Let's say there is an editor in a PR5 cat with 50 links (including the overhead ones). The transfer to the profile page of that editor is PR5/50.
If that was the only category that editor was involved in, assuming 4 more links (3 internal and 1 category link) on the profile page, besides the home page link, the transfer is (PR5/50)/5 = PR5/250. My guess is it will be somewhere in the PR2-PR3 range.
Effect of Adding More Categories
Assume one became editor of 250 similar categories as above - i.e. PR5 categories with 50 links each. From each of those categories, PR5/50 will be transferred. Therefore, we have PR5/50 * 250 = PR5 * 5 transfer.
However, since each of these categories will be listed as a link on the profile page, the home page link has to share the bounty with 253 other links, and the transfer to the home page will be PR5 * 5 / 254 = about PR5 / 50.
That is, gain is only 5 fold. Any additional similar category will add only very small amount and the maximum PR transfer will be PR5/50 in total.
Effect of Unequal Categories
I will not show the calculations but the highest PR/#links will dominate and most other links will tend to dilute the PR transfer, since each category gets a link on the profile page.
Ideal Strategy
Become editor of about 5 PR8 categories. Don't add any new sites (besides yours) since more links tend to dilute the PR transfer to one's home page. Do one edit every four months. Use that edit to remove your competitor's sites. ;)

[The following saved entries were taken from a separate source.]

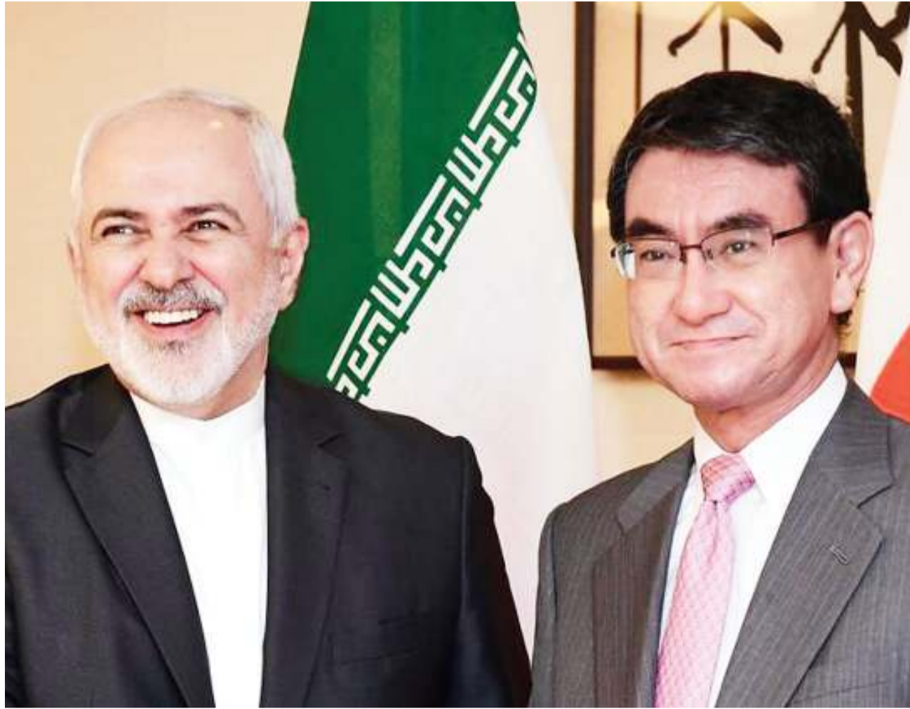
Iranian Foreign Minister Mohammad Javad Zarif (left) and his Japanese counterpart Taro Kono pose for the media prior to their talks at the foreign minister's audience room in Tokyo yesterday.

In Russia, the Kremlin said Wednesday that US pressure on Iran has forced Tehran to suspend the implementation of the JCPOA, reports Xinhua.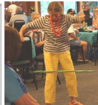
Can you hula-hoop?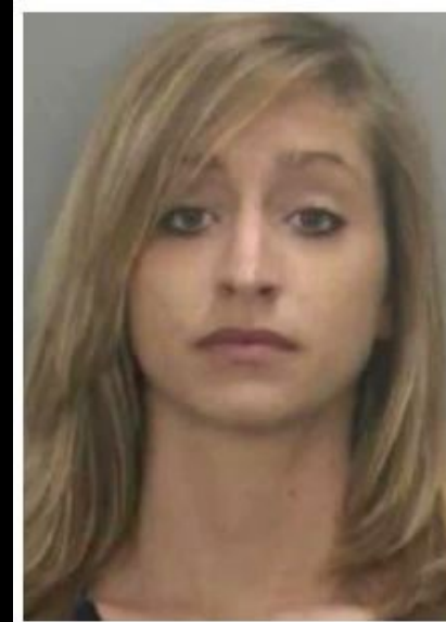
Aged 22 years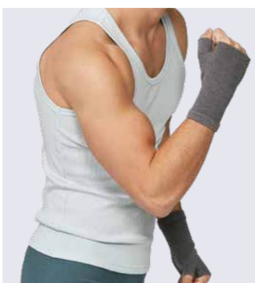
SG013 Wrist Support (1 Pair/Pk)

^ Net payable amount: approximately RM4,860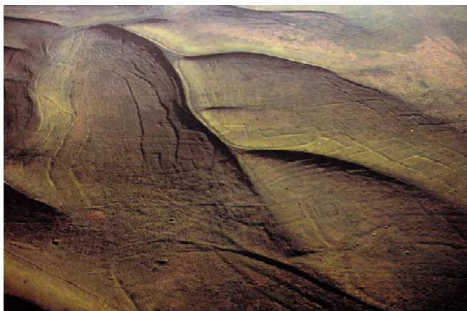
Figure 4 Settlement, fields and trackway, Charlton Down, Wiltshire. A Romano-British village.

Isolated Farmsteads are typified by rectilinear or curvilinear enclosures rarely more than 1 ha in area within which there is evidence for a range of domestic buildings and associated structures. They are normally defined by internal banks and external ditches, usually furnished with one main entrance; however, open farmsteads such as Park Brow, West Sussex, are also known.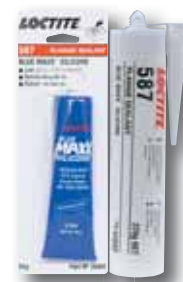
Loctite® 587 Blue Maxx®

Recommended for sealing all types of flanges including stamped sheet metal where high flexibility and high oil or water glycol resistance is required. Oxygen sensor safe.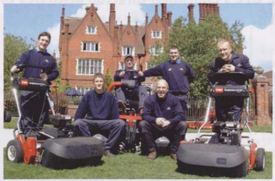
The Dunston Hall golf course team with some of their new equipment

More than £130,000 has been spent buying additional equipment to redeveloping areas of the golf course to increase standards. "Dunston Hall is a busy course with a flourishing membership. It is also a very popular golf destination. But we are keen to attract top amateur and local pro-am competitions," added Kevin, "so have embarked on a five year investment programme to enhance the presentation and improve the playing surfaces."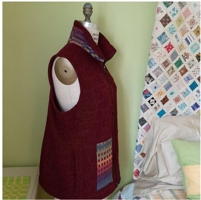
Diligent Sandi showing a hand-made vest and Oh-so-soft hand-spun alpaca wrap.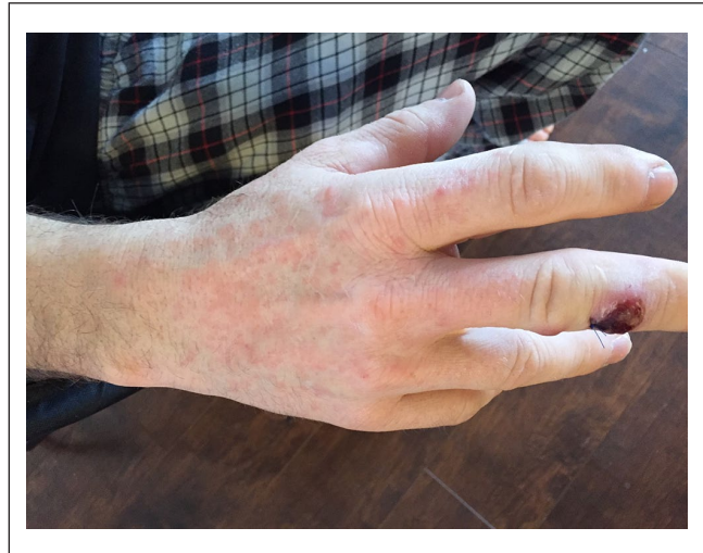
Figure 3. Papular erythema.

His doxycycline was discontinued, and both the eruption and lymphadenopathy resolved 1 week later.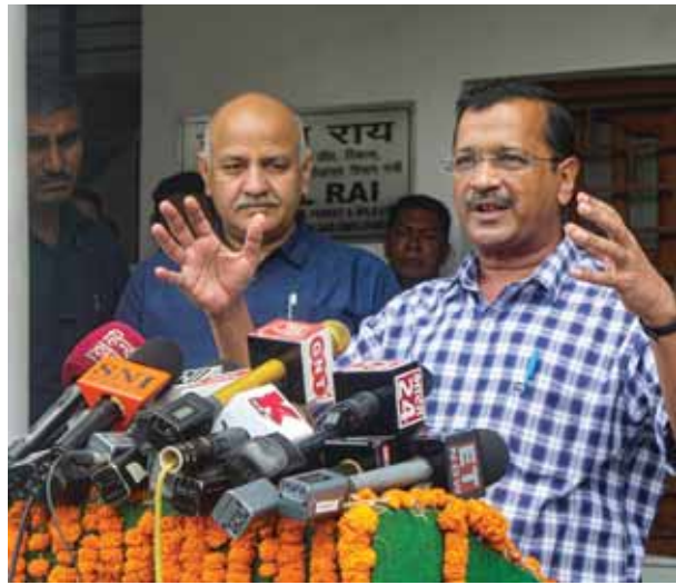
Delhi CM Arvind Kejriwal speaks to the media as Deputy CM Manish Sisodia looks on, after the Special Session of the Assembly in New Delhi on Thursday

He further listed out two demands: The BJP should stop

The page rank gets passed back from the directory the editor is responsible for. I have overlooked that and has assumed that as long as one is an editor, they get high page rank profile page.
It is just an isolate case of a high profile editor who has passed on page rank to his site.
But the PageRank is applied by Google, it's nothing to do with the ODP and frankly the way editors are listed is perfectly logical.
If you want to get picky about it, consider that PageRank passes *through* the editor page to the other categories within the directory, effectively creating a PageRank shortcut. If you have a senior editor with a high-PR page, that will boost the other categories that editor edits in. So, potentially a senior editor who also edits in their hometown will also give their local businesses a PageRank boost over their competitors. Fair? Unfair? That's just how PageRank works. Blame Google.
As for what search engines do with profiles: actually, editors complain MUCH more often that their profiles are found on sites of ODP licensees that they DON'T approve of: such as porn directories that don't bother to strip out the non-adult listings.
Also, I checked out many editors' profile pages and found that, at least in the categories I am interested in, many of them don't have links to any sites, and the ones who link are linking to their non-commercial sites.